*** Opening Exercise data ***

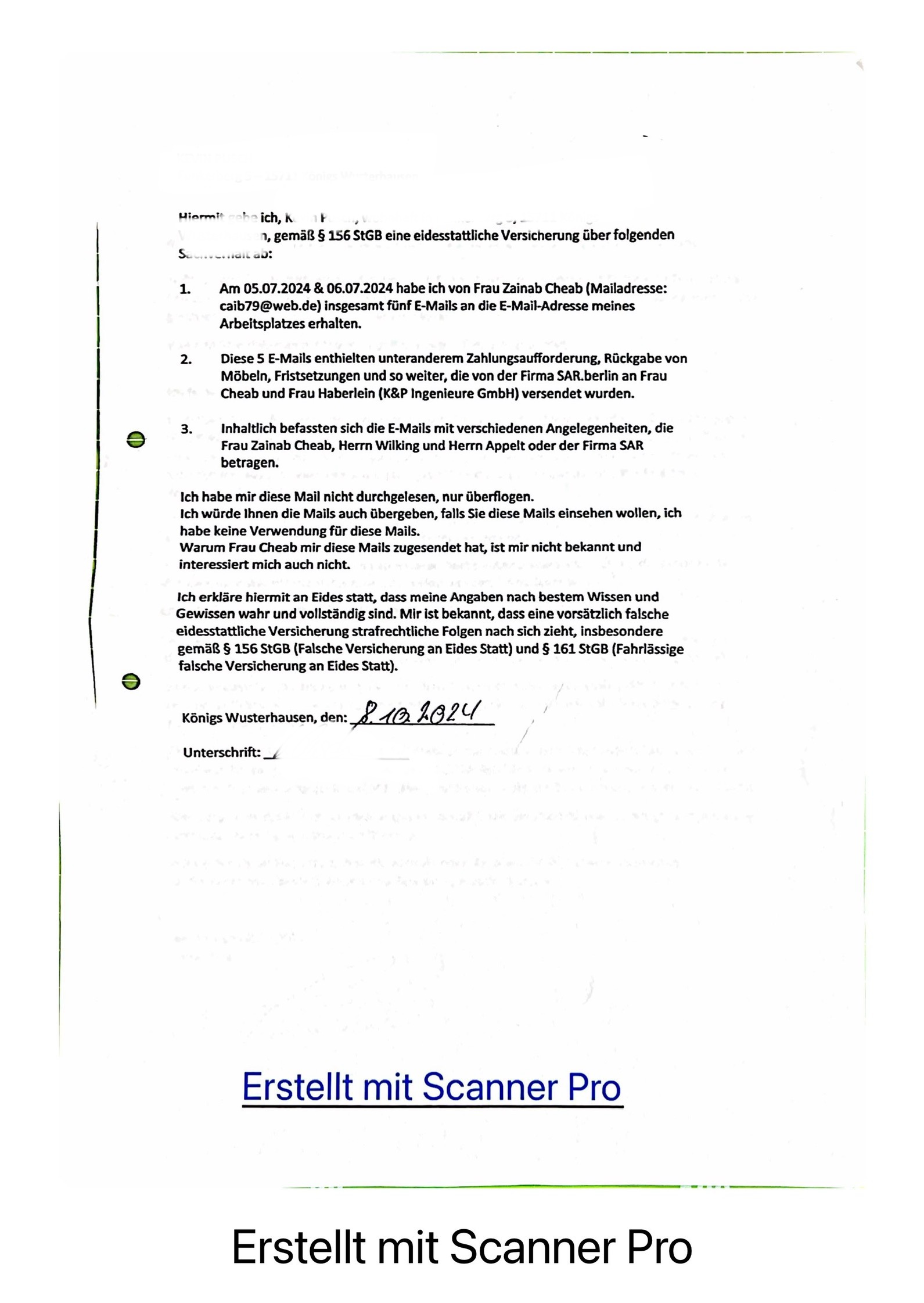 Im August 2024 habe ich mich dann wieder widersetzt und sechs bis sieben E-Mails geschrieben – an Cheab und Wilking.
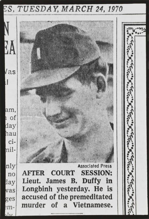 DescriptionImage of a newspaper dated March 24, 1970 with photograph of soldier smiling.Copyright© Donald Blumberg
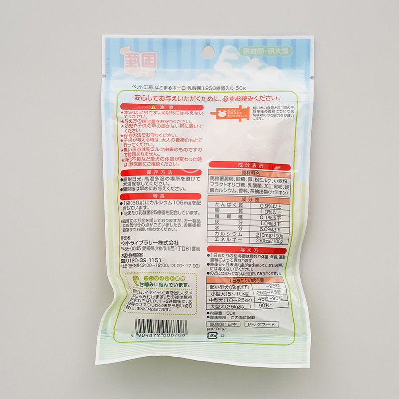 【与え方】 ・1日あたりの給与量は種類や体重、年齢、運動量等によって異なります。 ・生後6ヶ月未満(歯が生え揃っていない時期)には与えないでください。 ・のどにつまらせないよう注意してお与えください。 【保存方法】 ・直射日光、高温多湿の場所を避けて常温保存してください。 ・開封後は早めにお与えください。 【特長】 ・1袋(50g)にカルシウム105mgを配合しています。 ・1gあたり乳酸菌25億個を配合しています。 【注意】 ・本品は犬用です。犬以外には与えないでください。 ・与え方の給与量をお守りください。 ・幼児や子供の手の届かない所に置いてください。 ・保存方法をお守りください。 ・子供が与える時は、大人の看視のもとで行ってください。 ・黒い斑点は粉ミルク由来のものですので問題ありません。 ・消化不良など愛犬の体調が変わった時は、獣医師にご相談ください。 ※品質には万全を期しておりますが、万一製品にお気づきの点がございましたら、お客様相談室までお問い合わせください。
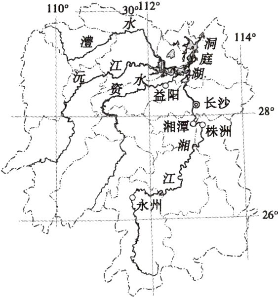 (永州市中考)湘江是湖南的“母亲河”,湘江流域聚焦了湖南60%的人口,也聚焦了许多城市。读“湖南省略图”并结合所学知识,完成13−14题。
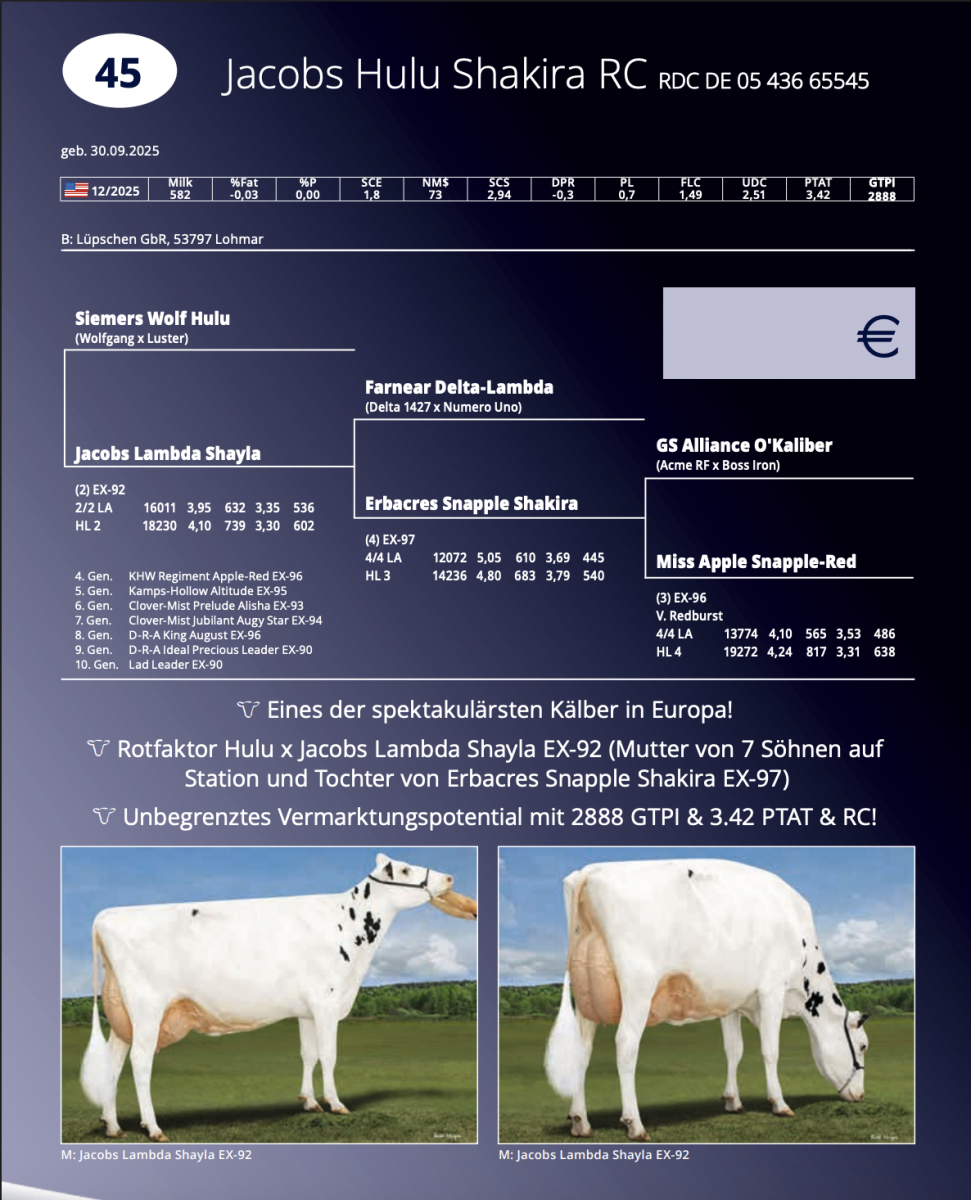 You can get a granddaughter to Erbacres Snapple Shakira EX-97-CAN, the Grand Champion World Dairy Expo 2021 & 2023 and Honorable Mention World Dairy Expo 2024. Her Hulu *RC granddaughter is selling as Lot 45 during this sale. She guarantees +3.43 PTAT with +2.50 UDC and +13 Conformation. Her dam is Jacobs Lambda Shayla EX-92-USA, she is dam to 7 sons in AI, with for example, Shaylas Sharpshooter @StGenetics, Mr. Budjon Superman @ Blondin Sires, Shaylas Tidalwave-Red @ StGenetics.
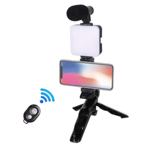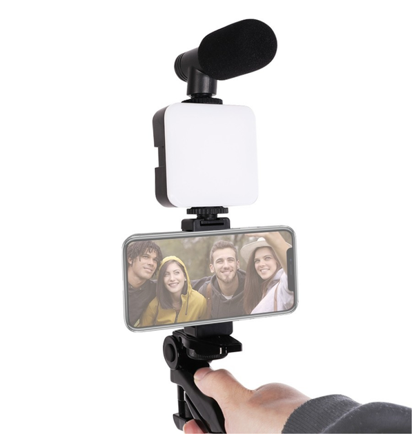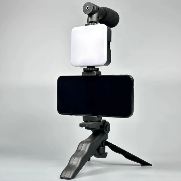 Набір блогера 4в1 AY-49 мікрофон, тримач, трипод, освітлення, кнопка затвору Чорний 57388
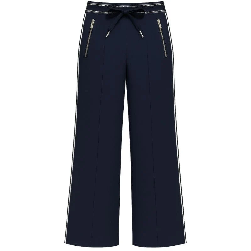 Donkerblauwe wide fit travel broek Morgan van ZOSO voor dames. Deze stijlvolle broek heeft een elegante wide fit met rechte, soepel vallende pijpen die zorgen voor een modern en vrouwelijk silhouet. De elastische tailleband met strikkoord biedt extra comfort en geeft het ontwerp een sportieve touch. De subtiele contrastdetails langs de taille en de zijkanten van de pijpen versterken de herkenbare ZOSO uitstraling.
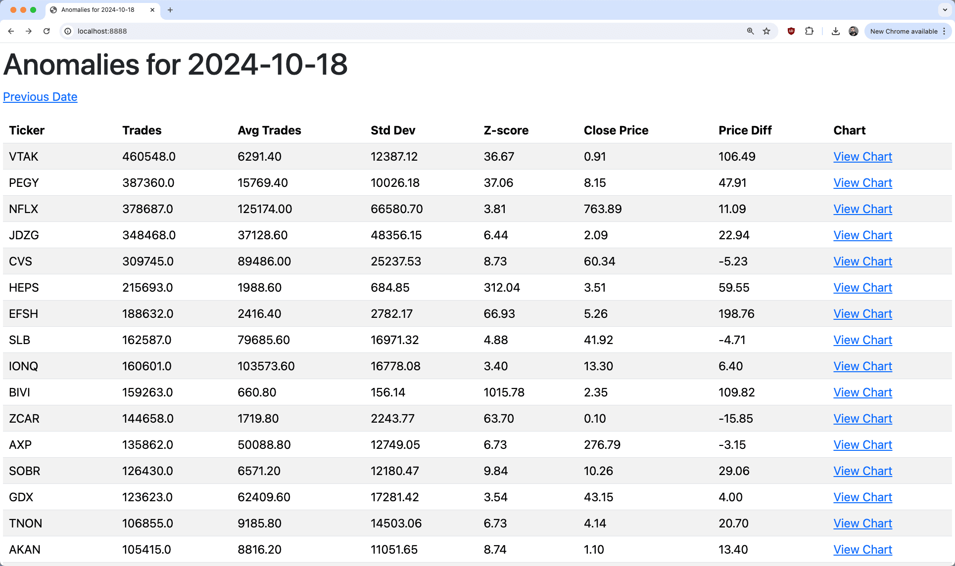 The browser-based interface provides a hands-on way to visually compare and analyze the anomalies. By clicking through different dates and tickers, you can view detailed trading data including volume, price movements, and more. This visual representation aids in understanding the scale and impact of each anomaly, offering insights that are not easily discernible from raw data alone.
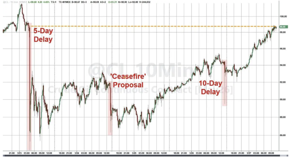 尽管特朗普三次试图通过口头干预压低油价(5天延期、“停火”提议和10天延期),WTI原油本周依然收平,价格涨至特朗普口头干预之前的价格水平。

*** Closing Exercise data ***

-- What to do --
From the opening line of the entries above to the line that holds "Набір блогера 4в1", inclusive, reproduce each line exactly and omit any picture.

-- Answer to this task --
 Im August 2024 habe ich mich dann wieder widersetzt und sechs bis sieben E-Mails geschrieben – an Cheab und Wilking.
 DescriptionImage of a newspaper dated March 24, 1970 with photograph of soldier smiling.Copyright© Donald Blumberg
 【与え方】 ・1日あたりの給与量は種類や体重、年齢、運動量等によって異なります。 ・生後6ヶ月未満(歯が生え揃っていない時期)には与えないでください。 ・のどにつまらせないよう注意してお与えください。 【保存方法】 ・直射日光、高温多湿の場所を避けて常温保存してください。 ・開封後は早めにお与えください。 【特長】 ・1袋(50g)にカルシウム105mgを配合しています。 ・1gあたり乳酸菌25億個を配合しています。 【注意】 ・本品は犬用です。犬以外には与えないでください。 ・与え方の給与量をお守りください。 ・幼児や子供の手の届かない所に置いてください。 ・保存方法をお守りください。 ・子供が与える時は、大人の看視のもとで行ってください。 ・黒い斑点は粉ミルク由来のものですので問題ありません。 ・消化不良など愛犬の体調が変わった時は、獣医師にご相談ください。 ※品質には万全を期しておりますが、万一製品にお気づきの点がございましたら、お客様相談室までお問い合わせください。
 (永州市中考)湘江是湖南的“母亲河”,湘江流域聚焦了湖南60%的人口,也聚焦了许多城市。读“湖南省略图”并结合所学知识,完成13−14题。
 You can get a granddaughter to Erbacres Snapple Shakira EX-97-CAN, the Grand Champion World Dairy Expo 2021 & 2023 and Honorable Mention World Dairy Expo 2024. Her Hulu *RC granddaughter is selling as Lot 45 during this sale. She guarantees +3.43 PTAT with +2.50 UDC and +13 Conformation. Her dam is Jacobs Lambda Shayla EX-92-USA, she is dam to 7 sons in AI, with for example, Shaylas Sharpshooter @StGenetics, Mr. Budjon Superman @ Blondin Sires, Shaylas Tidalwave-Red @ StGenetics.
 Набір блогера 4в1 AY-49 мікрофон, тримач, трипод, освітлення, кнопка затвору Чорний 57388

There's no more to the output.